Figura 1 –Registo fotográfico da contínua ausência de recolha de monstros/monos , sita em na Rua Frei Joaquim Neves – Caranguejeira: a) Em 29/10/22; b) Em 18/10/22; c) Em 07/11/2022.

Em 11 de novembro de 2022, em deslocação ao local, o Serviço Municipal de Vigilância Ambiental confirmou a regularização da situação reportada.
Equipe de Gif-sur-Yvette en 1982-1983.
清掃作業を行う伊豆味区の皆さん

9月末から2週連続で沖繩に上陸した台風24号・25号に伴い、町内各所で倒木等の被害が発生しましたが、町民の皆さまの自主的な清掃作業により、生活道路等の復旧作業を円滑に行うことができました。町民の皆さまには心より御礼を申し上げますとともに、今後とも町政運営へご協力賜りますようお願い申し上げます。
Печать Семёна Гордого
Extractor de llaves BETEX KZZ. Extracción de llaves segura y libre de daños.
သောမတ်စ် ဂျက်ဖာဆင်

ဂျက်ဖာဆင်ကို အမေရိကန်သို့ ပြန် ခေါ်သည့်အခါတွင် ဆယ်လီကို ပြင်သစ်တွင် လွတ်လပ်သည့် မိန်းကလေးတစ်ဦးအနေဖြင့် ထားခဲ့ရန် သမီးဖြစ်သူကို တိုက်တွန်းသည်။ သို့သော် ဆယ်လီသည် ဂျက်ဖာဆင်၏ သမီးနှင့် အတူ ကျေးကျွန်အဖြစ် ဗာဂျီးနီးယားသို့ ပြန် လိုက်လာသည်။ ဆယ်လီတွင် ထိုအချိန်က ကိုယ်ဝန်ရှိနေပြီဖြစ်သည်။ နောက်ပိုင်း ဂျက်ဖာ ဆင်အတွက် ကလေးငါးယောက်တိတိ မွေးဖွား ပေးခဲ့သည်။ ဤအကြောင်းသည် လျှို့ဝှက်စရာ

### [Task instructions]
Out of the entries above, write out only the lines between the line holding "清掃作業を行う伊豆味区の皆さん" and the line holding "သောမတ်စ် ဂျက်ဖာဆင်", inclusive, each exactly as given.

### [Task result]
清掃作業を行う伊豆味区の皆さん

9月末から2週連続で沖繩に上陸した台風24号・25号に伴い、町内各所で倒木等の被害が発生しましたが、町民の皆さまの自主的な清掃作業により、生活道路等の復旧作業を円滑に行うことができました。町民の皆さまには心より御礼を申し上げますとともに、今後とも町政運営へご協力賜りますようお願い申し上げます。
Печать Семёна Гордого
Extractor de llaves BETEX KZZ. Extracción de llaves segura y libre de daños.
သောမတ်စ် ဂျက်ဖာဆင်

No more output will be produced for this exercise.